MitrAI score: machine learning models to predict mortality at 12, 24, 36 and 48 months in patients with primary and secondary MR treated by TEER
Reported from ESC Congress 2024
Jonathan Curio provides his take on the MitrAI score study which was presented by Luigi Biasco at ESC Congress 2024 in London.
Graphic summary of key aspects of the MitraAI score study. Courtesy of Jonathan Curio. Source: PCRonline.com
Why this study? – The rationale/objective
Transcatheter mitral valve edge-to-edge repair (M-TEER) has been established as a safe and effective treatment modality in patients suffering from primary or secondary mitral regurgitation (MR) and at an increased risk of surgical mortality (1).
Several prediction tools have been developed, based on landmark trials such as COAPT or based on large real-world registries such as EuroSMR, to predict outcomes and stratify patients according to their likely clinical benefit following M-TEER (2,3). However, these tools included mostly patients with secondary MR and did predict outcomes only up to a maximum of 2 years.
Thus, the aim of the present study, using a machine learning approach, was to derive and validate a compact score predicting all-cause mortality after M-TEER in patients with either primary or secondary MR, also beyond the timeframe of only 12 months.
How was it executed? – The methodology
The study was based on the prospective multicenter MitraSwiss registry. Key features of this registry are as follows:
- Investigator-initiated registry at 10 Swiss centers enrolling consecutive patients with moderate or severe primary or secondary MR
- Patients were treated using the MitraClip (Abbott) M-TEER device
- Between 2011 and 2019, 1268 patients were enrolled, mean age was 76 years, median STS score 3.7%, and median EuroScore II 4.1%; 40% of the patients were female.
A machine learning (ML) model was used to predict all-cause mortality at 12, 24, 36, and 48 months after M-TEER. Compact models were created based on expert-chosen widely available clinical variables, repeated cross-validation was performed, and two classification algorithms, Random Forest and Logistic Regression, were used. SHapley Additive ExPlanations (SHAP), a game-theory-based method allowing to rank different features by importance and how they drive a model’s prediction was used to interpret the models. Receiver operating characteristic (ROC) curves were used for internal validation of the models. The previous logistic regression based MitraScore was used as a comparative benchmark.
What is the main result?
Out of the 1268 patients in the MitraSwiss registry, 1142 had available data to be included in the study.
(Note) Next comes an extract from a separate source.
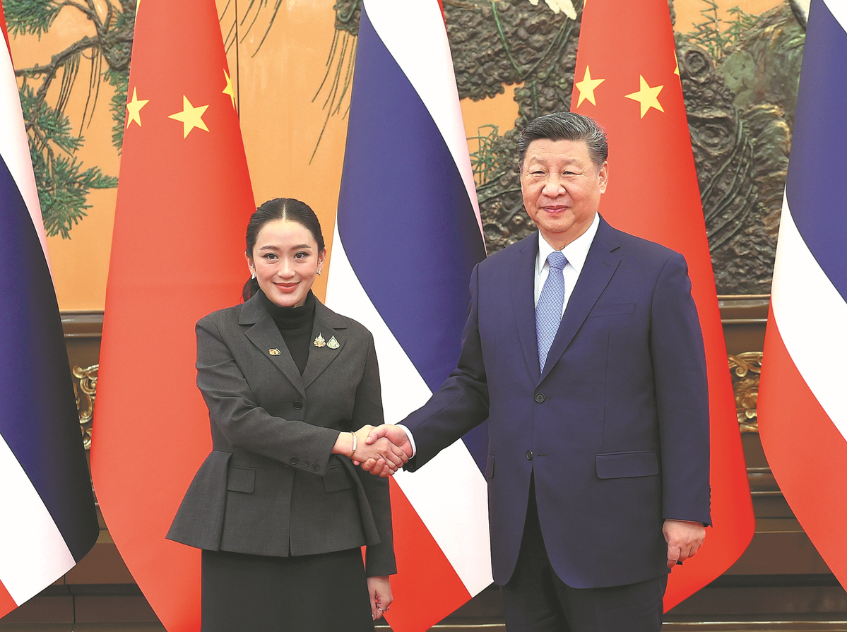 President Xi Jinping meets on Thursday with Prime Minister of Thailand Paetongtarn Shinawatra, who is making an official visit to China, at the Great Hall of the People in Beijing. (Wang Zhuangfei/China Daily)

- Etiology of MR was well balanced between primary (52.8%) and secondary MR (45.4%); mixed etiology in 1.8%
- Median follow-up time was 36.6 months, follow-up was complete in 97.2%
- All-cause mortality at 12, 24, 36, and 48 months was 12.3%, 20.0%, 28.1%, 35.4%, respectively
First, four ML models to predict all-cause mortality at the different follow-up time points were derived from the entire set of 50 different variables available in the MitraSwiss registry. Internal validation showed good discriminative capacity with an area under the ROC curve of 0.74, 0.72, 0.75 and 0.71 at 12, 24, 36, and 48 months in the overall population, showing better discriminative performance than the MitraScore benchmark. Baseline hemoglobin, glomerular filtration rate, and creatinine showed the highest relevance according to the SHAP analysis, with age becoming continuously more relevant with the duration of follow-up. The distinction between primary or secondary MR was not correlated with prognostic relevance.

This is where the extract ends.